• [WHAT YOU NEED TO DO]:
If a line in the data below holds the word "Corporator", copy it.

• [INPUT DATA]:
§

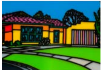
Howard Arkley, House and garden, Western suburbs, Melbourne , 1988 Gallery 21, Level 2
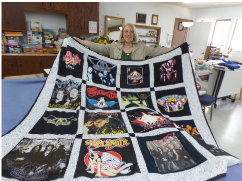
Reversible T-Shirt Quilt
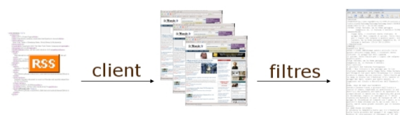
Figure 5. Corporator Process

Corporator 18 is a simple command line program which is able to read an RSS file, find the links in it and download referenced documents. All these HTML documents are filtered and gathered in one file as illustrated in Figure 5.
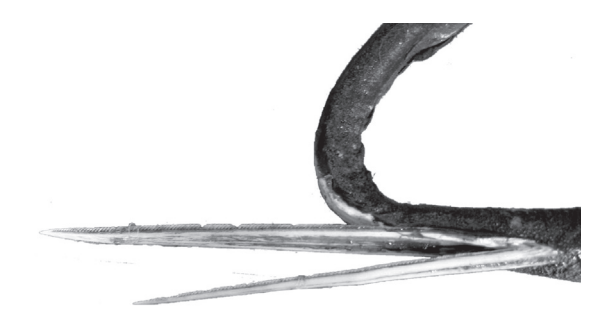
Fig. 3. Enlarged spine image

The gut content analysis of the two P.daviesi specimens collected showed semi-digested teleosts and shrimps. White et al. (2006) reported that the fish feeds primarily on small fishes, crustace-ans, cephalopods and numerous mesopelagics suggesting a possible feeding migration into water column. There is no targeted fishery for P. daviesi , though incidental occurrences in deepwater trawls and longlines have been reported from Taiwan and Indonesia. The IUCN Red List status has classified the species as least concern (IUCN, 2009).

§

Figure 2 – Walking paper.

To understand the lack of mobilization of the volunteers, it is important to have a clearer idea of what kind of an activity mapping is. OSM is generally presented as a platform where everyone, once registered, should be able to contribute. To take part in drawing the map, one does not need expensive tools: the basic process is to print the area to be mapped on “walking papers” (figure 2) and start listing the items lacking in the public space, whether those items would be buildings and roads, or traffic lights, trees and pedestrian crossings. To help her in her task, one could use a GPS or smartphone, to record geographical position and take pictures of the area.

§

• [ANSWER TO THIS EXERCISE]:
Figure 5. Corporator Process
Corporator 18 is a simple command line program which is able to read an RSS file, find the links in it and download referenced documents. All these HTML documents are filtered and gathered in one file as illustrated in Figure 5.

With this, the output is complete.